В группе наблюдения уровень тревожности по госпитальной шкале тревоги и депрессии (HADS) значительно снизился через 12 месяцев (предположительная разница в среднем –0,62, 95% доверительный интервал, от –1,08 до –0,16). Также выявлено значительное уменьшение баллов депрессии через 4 месяца (–0,40, от –0,76 до –0,03), но этот эффект исчез к 12 месяцам. Наблюдалась значимая разница между группами по оценке боли по шкале самоэффективности при артрите (ASE) через 4 и 12 месяцев (1,63, от 0,83 до 2,43; 0,98, от 0,07 до 1,89) и для других граф (1,83, от 0,74 до 2,92; 1,58, от 0,25 до 2,90).

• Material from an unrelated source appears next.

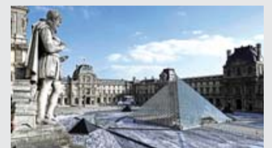
The Louvre pyramid is seen during preparations for the installation of French contemporary artist and photographer Jean Rene, aka JR, in the main courtyard of the Louvre Museum in Paris. — AFP

Even so, the story retains an element of mysterious intrigue. In a bid to seek expert input, AFP contacted the Picasso Museum in Paris, which declined to comment, then spoke with several of his biographers, who also refused to be pinned down. One theory put forward by residents of the city of Korhogo is that it was a false Picasso—a man who clearly resembled the famed Spanish painter and fooled the villagers by pretending to be him. But that also raises a question: why? —AFP

Обе группы значительно не различались по частоте консультаций с врачом общей практики за 12 месяцев до исследования и через 12 месяцев наблюдения. Результаты анализа приверженности к лечению и анализ протокола (пациентов, которые посетили 4 и более сессий в группе наблюдения и по которым имеется полная информация) были сходными (табл. 1).
Обсуждение
Ценность данного исследования для развития программ по самолечению артрита состоит в относительно большом размере выборки [7] и в том, что участники были набраны именно из поликлиник, а не из амбулаторий или по рекламе. Исследование повлияло на психологическое самочувствие пациентов. Оно сократило тревожность, оцененную по госпитальной шкале тревоги и депрессии, и увеличило самоэффективность больных, которые стали более уверенными при «управлении» болью и другими симптомами, связанными с артритом.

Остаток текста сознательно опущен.